Yolanthe, “İnsanlar beni, büyük bir kulüpte oynayan futbolcu eşiyle birlikte yurt dışında yaşayan, hep güzel rollerde oynayan, saçları hep iyi olan ve işleri hep yolunda giden biri olarak düşünüyorlar. Oysa biz hala halktan insanlarız ve uğraşmamız gereken hayatın sıradan sorunları var” diye konuştu.
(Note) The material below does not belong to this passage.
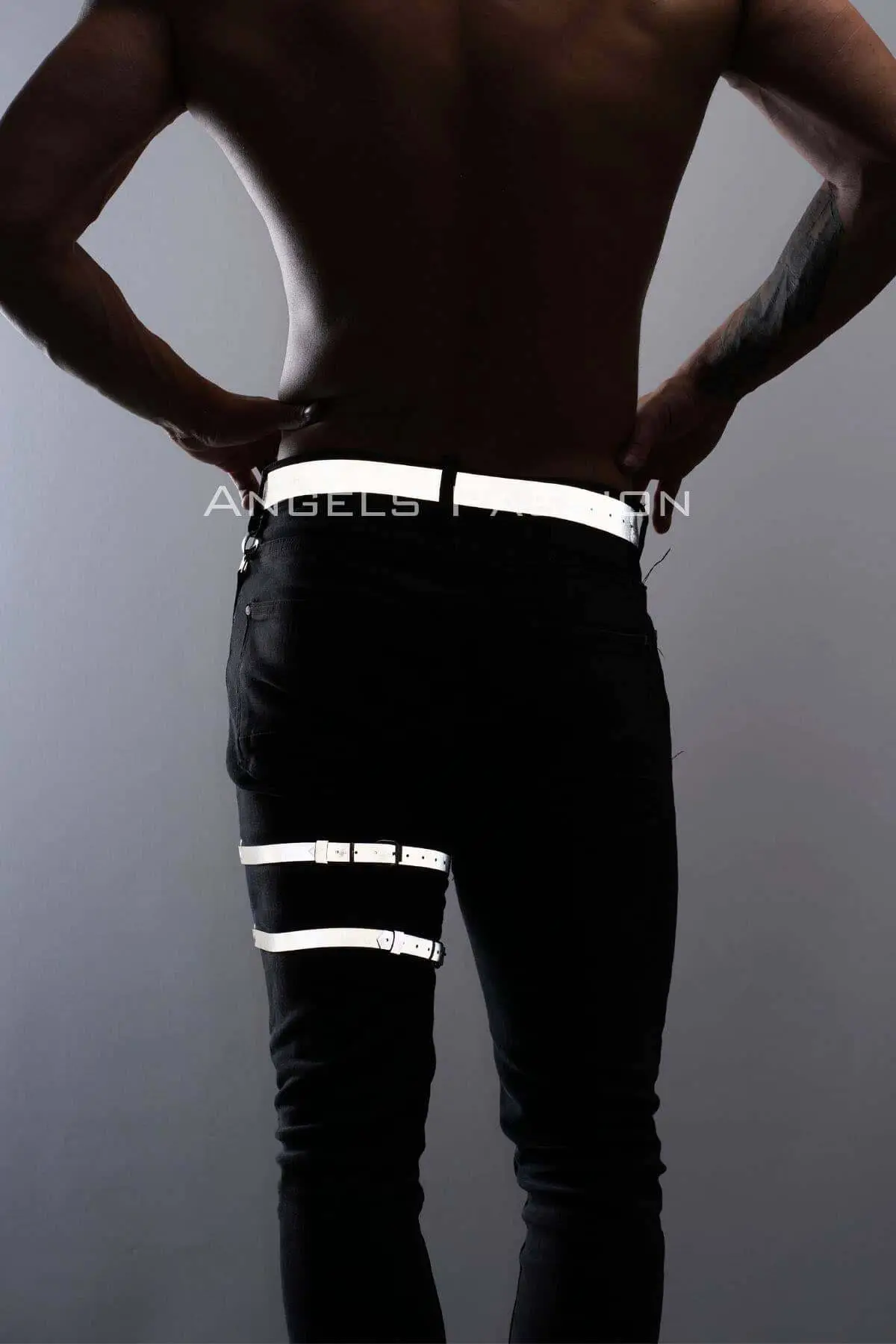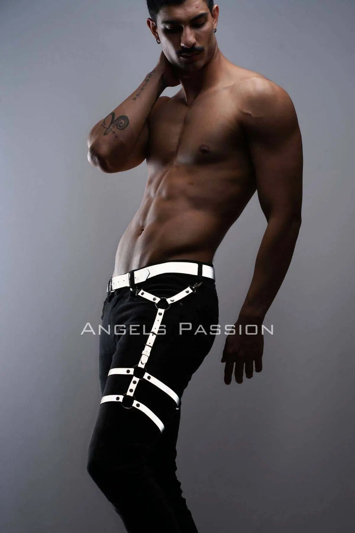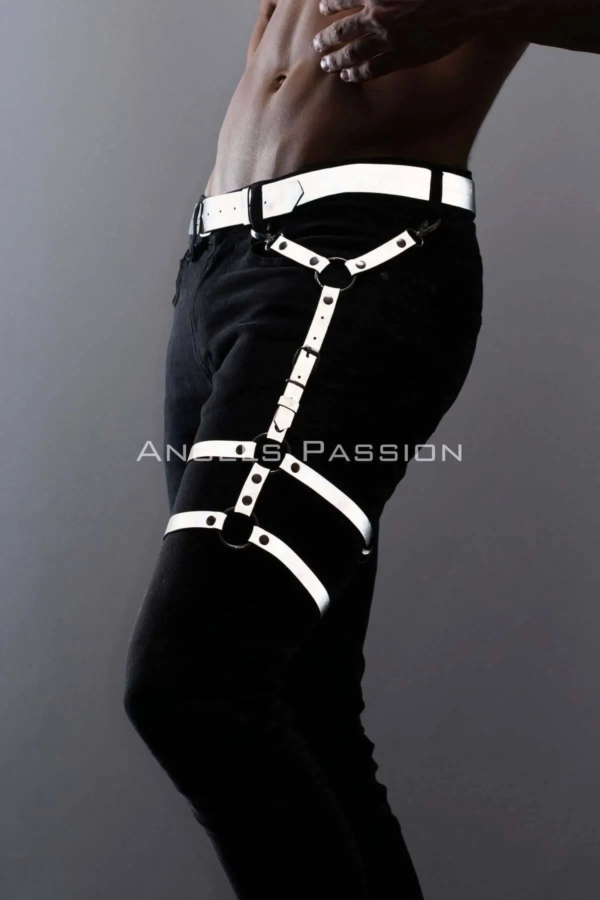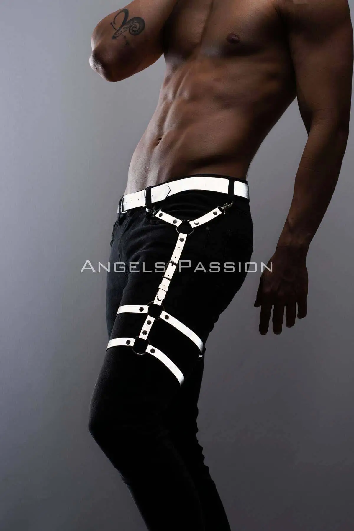 Crafted from high-grade, durable synthetic material, this **Reflective Men’s Leg Belt** is built for intense nights and bold statements. The material is expertly treated to be both intensely reflective under direct light and subtly **Glow-in-the-Dark**, ensuring maximum visibility and allure in any environment. Finished with robust, high-polish metal hardware, the craftsmanship speaks to a commitment to lasting quality and premium aesthetics in **Nightlife Fetishwear**.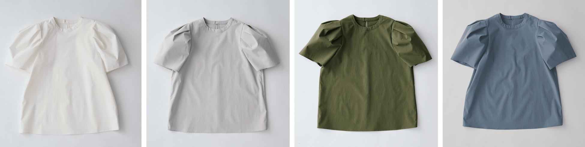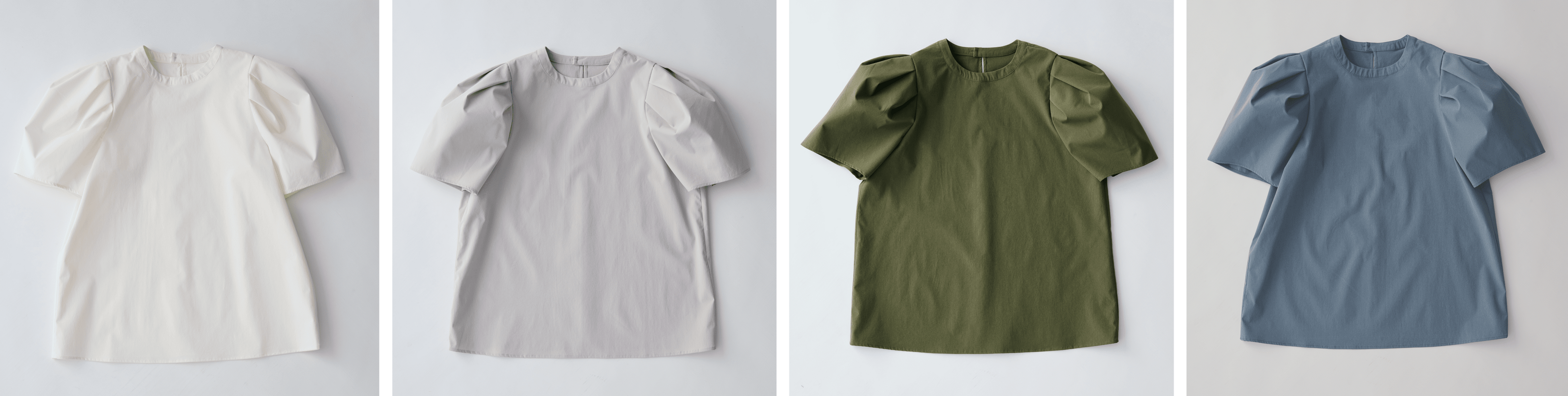 ・肩の深めのタックが程良いボリューム感を演出し、甘くなりすぎないデザインに

İstanbul’da kilise ziyareti Osmanlı zamanını anlatan dizi
Türkiye’de çalışma hayatına yavaş yavaş girmeye başladığını da söyleyen Galatasaraylıların yengesi şöyle devam etti: “Sonuçta futbolculuğun belli bir ömrü var. Bir yaşa kadar çalışabiliyorsunuz. Bu yüzden eşimin kariyeri benim için önceliklidir. Ancak tabi ben de boş durmuyorum. Türkiye’de uğraştığım işler var. Dizilerde de oynamak istiyorum. Örneğin Osmanlı zamanını anlatan bir dizi var (Muhteşem Yüzyıl). Orada oynamayı isterim. Ama bunlar için öncelikle dilimi geliştirmem gerekiyor.
Özel Türkçe dersleri alıyorum ama gerçekten kolay değil. Wesley de yavaş yavaş öğreniyor. Yeni bir kelime ya da bir cümle öğrendiğinde bunu sonra bütün gün tekrar ediyor. Dil konusunda benden daha yetenekli olduğunu itiraf etmem gerekir. Bu konuda doğal bir yeteneği var. İspanya ve İtalya’dayken de o ülke dillerini hemen öğrenmişti.”
Yeni yılda çocuk sahibi olmak istediğini de dile getiren Yolanthe Cabau, “İtalya’da yaşadığımız dönemde Wesley ile her Pazar kiliseye giderdik. İstanbul’da da kiliseler var. Burda düzenli bir şekilde olmasa da ara ara birlikte kiliseye gidiyoruz” ifadelerini kullandı.